The arguments pile up as Malta becomes a den of thieves – foreign and local. Betting companies and offshore businesses; audit, consulting, tax, and advisory services with their expertise in tax mobility. The absurdity is that wage-earners pay more taxes than the large multinationals. Pyrrhic victories over the latter are settled by compromise fines that do not disturb these companies. However, the main attraction of the book is reached when Meilaq discusses neutrality and the sorry state of the EU as images roll out of CIA abductions all over European territory.
What follow are specific themes, including the Libyan tragedy (Malta being one of the worst hit for the loss of market, immigration flow, and the boost to local trafficking crime); immigration and racism (including cold-blooded racist murder); Ukraine (not a black and white situation); Pope Francis; and the Ark Royal blockade (a spectacular and defiant signal of peace and neutrality against those who had invited the British warship.

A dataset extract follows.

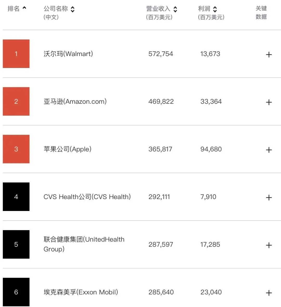 该榜单的前五名排名较去年均无变化,这也是沃尔玛自2013年来连续蝉联榜单榜首的第十年。苹果去年盈利946.8亿美元,较上年大涨了约65%,蝉联利润榜榜首。

Australian dockers served the same treatment.
The book concludes with the unconditional surrender (including, in Sammy Meilaq’s view, that of the PL) and Quo Vadis, an ominous prospect for a national parliament reduced to a local council.
Michael Grech’s critical epilogue
In his typical critical style, Michael Grech pens a critical epilogue for the book, with his prophecies and sins on one side, possibilities and limits in the writing on the other. He responds to the queries raised by Meilaq at the end of the book by claiming that the Maltese were and continue to believe this is the best world possible. One can add that this is a haven for political “progressives” who drive the reformist chariot. Eurocentrism is a related concept and has been plaguing Maltese consciences since the PN developed its italianità, part of a tradition intent on separating us from the southern Mediterranean in the eyes of our British colonisers. The EU’s anti-democratic centralism and neoliberalism continues to support the spread of similar racist lines and right-wing politicians to power.
Playing the past against the present allows Meilaq to observe what happened to some of the false promises at the time of Malta’s EU membership: serious and transparent institutions (at least we did not get hoodwinked as much as Gorbachev did); a Christian Europe (Eddie’s dream of sorts but he missed large chunks of European history here); safeguarded sovereignty (so what’s the problem with neutrality?); workers’ rights (we have referred above); and, to be less provincial (not really something to boast about). These counter-narrative themes require further elaboration. Others are more difficult to hold, such as the call for an industrial policy on a national scale. Industry survives in Malta and manufacturing contributes to the balance of payments besides being the reason for some of the financial services, but promoting an industrial Malta is another thing. This is similar to Meilaq’s desperate call for a Messiah (and Grech takes him to task over this). Waiting for Godot?
Finally, and I am in full agreement with Michael Grech on this, Meilaq talks about the people. What constitutes this ‘people’? The idea of writing such a book is, after all, not just to leave a testament for memory’s sake but also to get those who still want to think outside mass alienation, to engage with the arguments in an open-ended and critical manner.